According to government figures, unreliable supplies are estimated to account for private sector losses of £251 million every year, or about 4% of the country’s GDP. It was due in large part to these lingering discrepancies that in 2011, the World Bank concluded in a report that Kosovo’s rising energy needs could only be met cost-effectively by building a new, updated coal plant. One of the independent reviewers of the report, Professor Wladyslaw Mielczarski, said that despite the fact that wind and solar prices have since decreased rapidly, “very little has changed” and coal remains the only viable choice for Kosovo.
There is a consensus that Kosovo’s energy crisis needs to be resolved – and quickly – however, a coal dominated future has been challenged by Dr Daniel Kammen, professor at UC Berkeley. He believes energy security “can be created through investigation of new energy efficiency, renewable energy, and the wise use of fossil fuel resources”. And while Kosovars’ health is threatened by the pollution caused by out-dated coal plants, their lives are equally placed at risk by winter power outages.
While the energy crisis in a country like Kosovo is relatively unique, especially in a European country, similar dilemmas can be seen in Africa, where more than 600 million people still lack access to electricity. Despite the fact that countries such as Tanzania, Kenya, and Nigeria possess vast, largely untapped coal reserves, few of them, except for a few outliers like South Africa, have managed to exploit their resources.
Faced with the pressing need to quickly and affordably ramp up energy generation capacity in Africa, lawmakers such as Nigerian Finance Minister Kemi Adeosun and former UN leaders like Kofi Annan have urged governments and international bodies to adopt every available solution, from solar, to coal deposits to geothermal, to light up and power the continent. Speaking at the launch of the Africa Progress Panel’s latest report on the issue, Annan was among those to acknowledge the perceived hypocrisy of developed nations that have industrialized on fossil fuels and are now denying developing countries the same advantages. In July, for instance, Japan agreed to provide up to $6 billion to support power plant construction and clean coal technologies in partnership with the African Development Bank. The initiative will finance high-efficiency coal-fired plants that use clean coal technology to help meet Africa’s energy demand.

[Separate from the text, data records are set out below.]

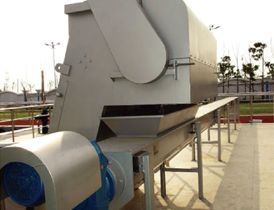 该设备采用连续式槽形带式,物料由格栅或脱水机卸料口落入输送带上,在电动滚筒的驱动下,物料从一端移动到另一端,末端与垃圾桶相衔接,再另行处理。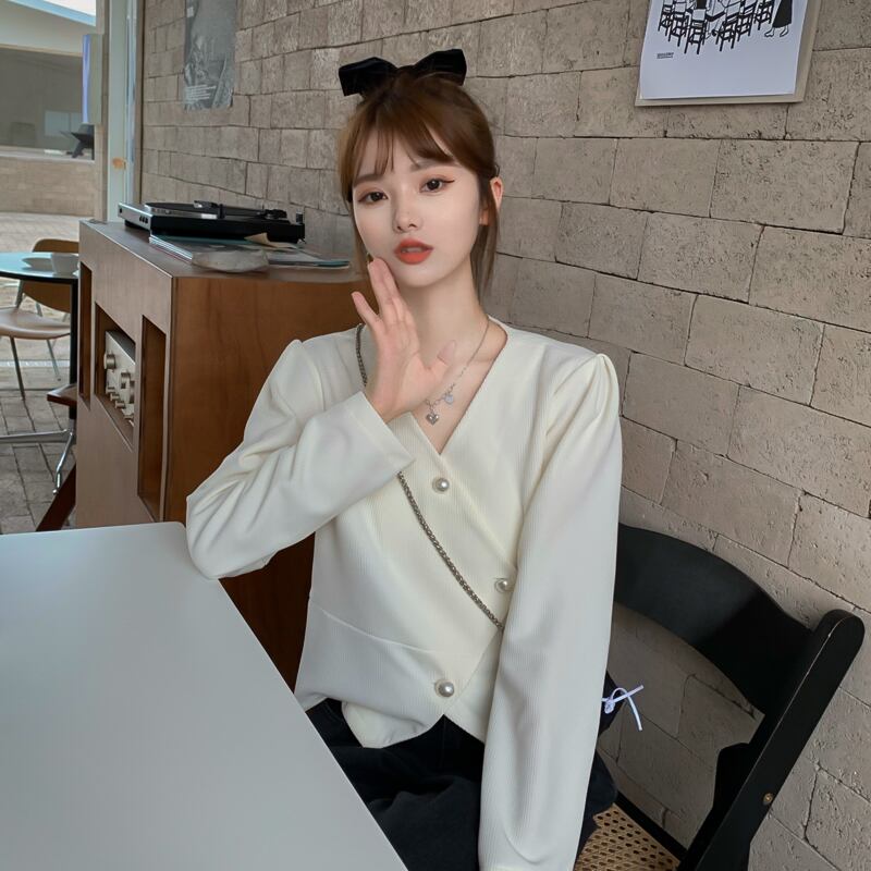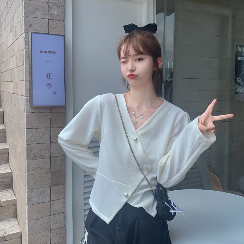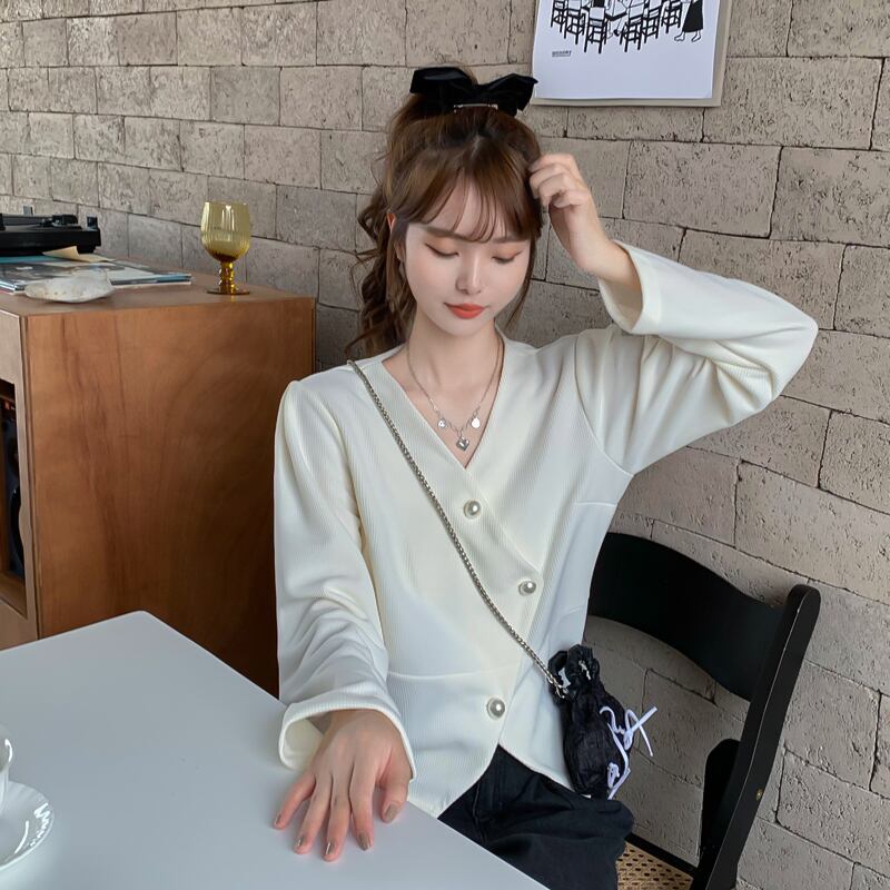 ショート長袖スリーブシャツ ホワイトトップス ロング YY-ファッション99877914803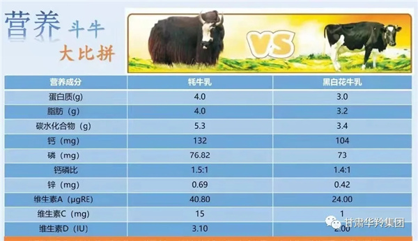 牦牛奶的氨基酸、鈣、維生素A含量分別比普通牛奶高15%、15%和6%。微量元素中,牦牛奶中所含的鐵是一般牛奶的9.8倍、鋅含量是一般牛奶的3倍、鈣含量是一般牛奶的1.13倍。牦牛奶中含有的免疫球蛋白是普通牛奶所缺少的,長(zhǎng)期飲用會(huì)有助于提高人體免疫力,牦牛奶也因此被譽(yù)為"奶中極品"。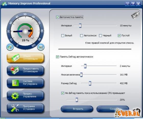 Memory Improve Professional – это один из полезных инструментов, который в информативной форме в виде прибора показывает текущее состояние потребления памяти и может автоматически или вручную производить дефрагментацию и освобождать для вас ресурсы в виде дополнительной памяти. Это в целом улучшит работу системы, уменьшит время её загрузки и повысит её производительность.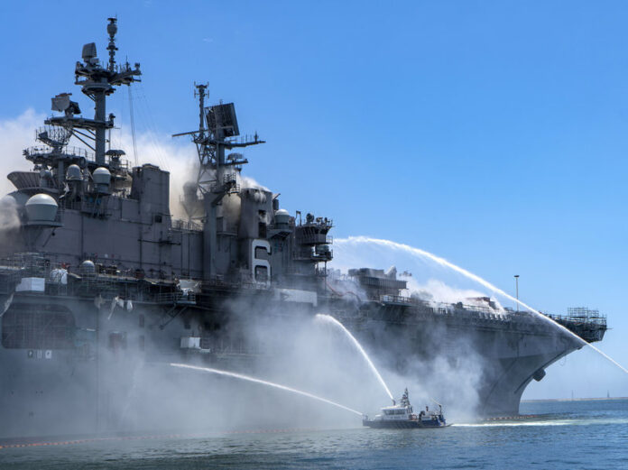 停泊在加利福尼亚州圣迭戈海军基地的美军“理查德号”两栖攻击舰12日发生火灾,大火目前仍在持续燃烧。综合美国广播公司(ABC)、美国全国公共广播电台(NPR)报道,到目前为止共有至少57人受伤。(来源:海外网)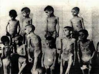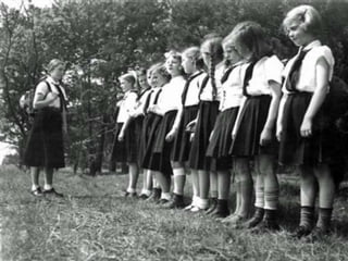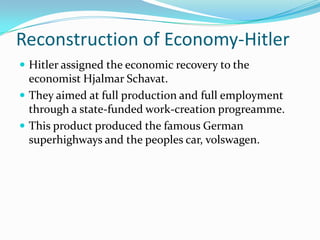 The document provides information on how Hitler and the Nazis utilized various aspects of society and government to consolidate power and propagate their racist ideology. It discusses how Hitler assigned economic recovery to Hjalmar Schacht and aimed for full production and employment through public works programs, resulting in infrastructure projects. It also describes how the Nazis reorganized education, youth groups, women's roles, language and the media to indoctrinate the populace, especially children, with Nazi ideals of Aryan supremacy and anti-Semitism. All dissent was purged and society was tightly controlled and mobilized for Hitler's goals of war and racial conquest in Europe.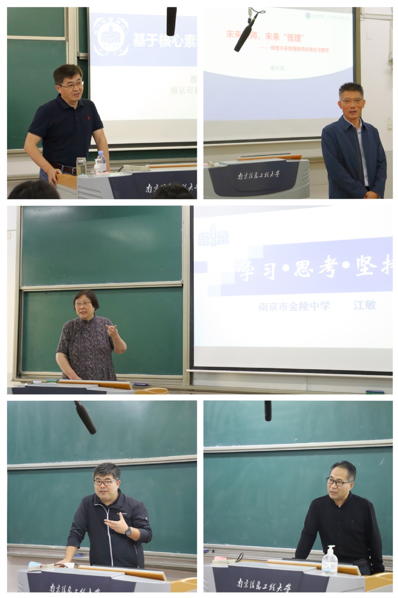 五位老师结合自身教研经历,面向师范生传授了全面提升教师素养的经验。杨华军做了题为《未来教师,未来“悟”理——畅想未来物理教师的角色与素养》的专题讲座,总结了包括“科技与在线教育”“个性化教学”“跨学科学习”等在内的未来学校教育十大特征,并对核心素养进行解读。江敏老师做了题为《学习·思考·坚持》的专题讲座,鼓励同学们将化学学科知识的教学与审慎而积极的科学精神、社会责任和生活态度相融合。邢文骏老师做了题为《英语教学中提升学生学科核心素养的实践路径》的专题讲座,紧扣英语学科核心素养与单元整体教学,深入浅出地阐述了素养时代单元整体教学的理论基础与实施路径,并结合自身教研经历,分享了极具建构意义的个人思考与生动详实的案例。马一新校长做了题为《蓄势未来发展,涵养教育情怀》的专题讲座。他强调,想要做好数学教育,必须要理解数学教育,“四个理解”是落实核心素养的关键,即“理解数学”“理解学生”“理解教学”“理解技术”。庞冉老师,做了题为《阅读安身,专业立命》的专题讲座。庞老师结合生动的教学案例,指出阅读与思考的重要性,强调教育和管理的区别,呼吁同学们以知识分享者的姿态,做新时代人民教师。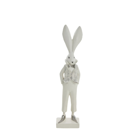 Denne charmerende påskehare i fin vest og bukser vil helt sikkert bringe et smil frem på dine læber. Påskeharen er lavet af polyresin, som nemt kan tørres over med en klud. Denne påskehare dekoration er perfekt til påske og fås både som en dame og mand i de traditionelle påskefarver, dekorationen er inspireret af rockabilly stilen fra 1950’erne og vil bringe glæde i ethvert rum.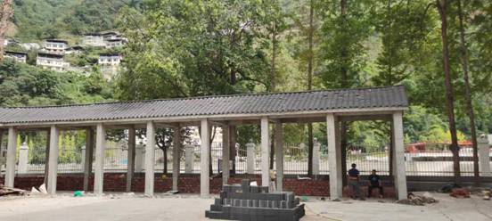 在金口河区延风中学综合楼、宿舍楼维修和校园提升改造项目建设现场,工人们正在对彩色透水混凝土地面铺设和雕像制作安装工作。当前,项目已完成综合楼和学生宿舍楼坡屋面改造和外墙纸皮砖粘贴施工、200米围墙改造和廊桥主体施工,整体建设内容已完成95%,即将投入使用。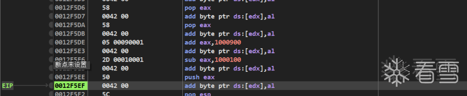 之后执行pop eax是为了将0012F6D4里的0x0032007B取出给eax。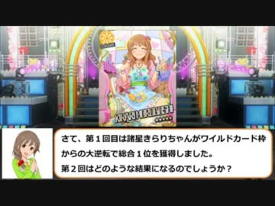 モバゲーのアイドルマスターシンデレラガールズの非公式人気投票です。<br />当人気投票は2/1~14(予選)2/15~29(決勝)で行われました。<br />(勝手にシンデレラコンテスト委員会ブログ)<a href="http://kccc.blog.fc2.com/" target="_blank" rel="noopener nofollow">http://kccc.blog.fc2.com/</a><br />第3回勝手にシンデレラコンテスト開催中!<br />予選 3/2~3/15<br />決勝 3/16~3/31<br />(第3回勝手にシンデレラコンテスト投票所)<a href="http://www.dounano.net/answer/Hlsch6339.html" target="_blank" rel="noopener nofollow">http://www.dounano.net/answer/Hlsch6339.html</a><br />第1回目の結果 <a href="https://www.nicovideo.jp/watch/sm16890592" class="watch">sm16890592</a> 第3回目(予選) <a href="https://www.nicovideo.jp/watch/sm17275960" class="watch">sm17275960</a> (決勝)<a href="https://www.nicovideo.jp/watch/sm17489358" class="watch">sm17489358</a><br />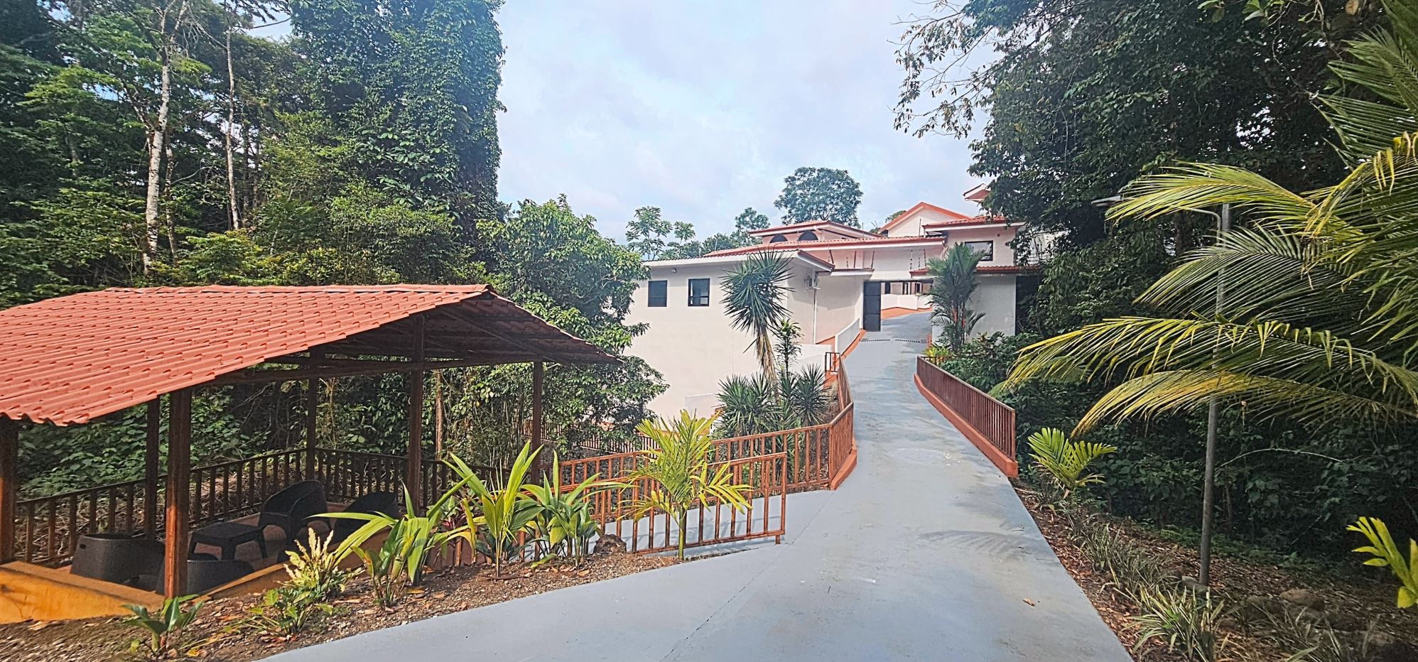 Un sendero pavimentado rodea toda la propiedad, ideal para caminatas tranquilas entre jardines paisajísticos, flora tropical y áreas de bosque natural.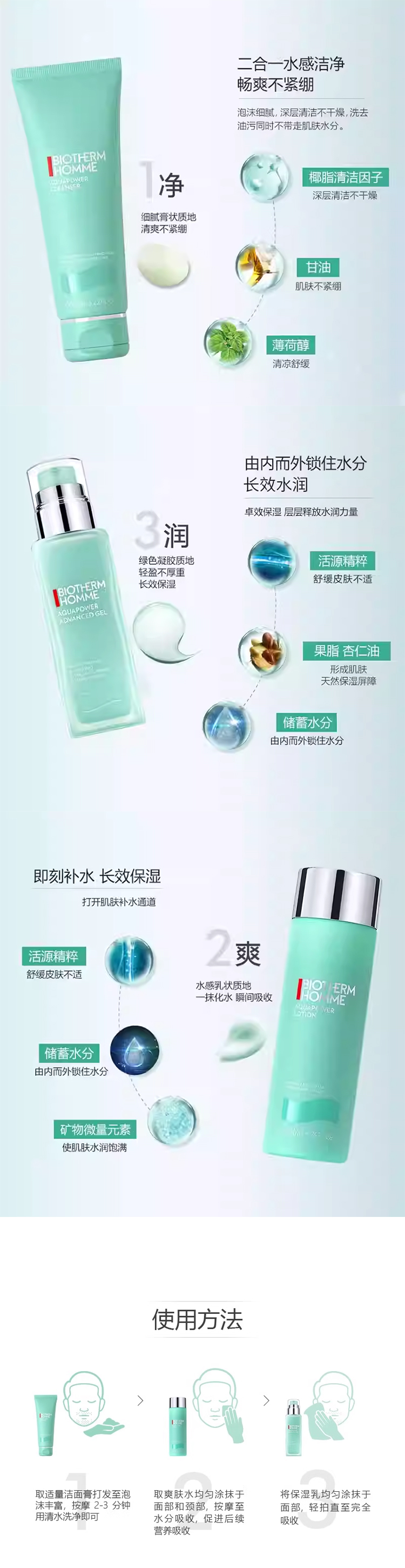 碧欧泉(BIOTHERM) 男士水动力净澈保湿套装 ZB-027【专柜款】 水200ml+乳75ml+洁面125ml 绿色(单位:盒)

Despite the logic of relying on a broad base of energy solutions, both the World Bank and the EU have rendered it nearly impossible to consider financing coal power plants. In 2013, the bank placed restrictions on funding for coal power projects in “rare circumstances” to meet “basic energy needs in countries with no feasible alternatives.” The European Investment Bank followed suit shortly thereafter. In a rare example of more measured policy coming from the White House, the Trump administration has taken steps to address these discrepancies, announcing that it will encourage its delegates at the multilateral development banks (MDBs) to help countries access and use fossil fuels more cleanly and efficiently.
The Balkans’ latest energy crisis puts the spotlight on how developing countries in particular are likely to continue relying on carbon-based resources for base load power. A long drought and high temperatures across the Western Balkans slammed hydropower output and sent energy prices surging, forcing some countries such as Albania to import energy. Hopefully, with more measured policies and support from the MDBs, these states might soon have the capacity to weather such crises on their own.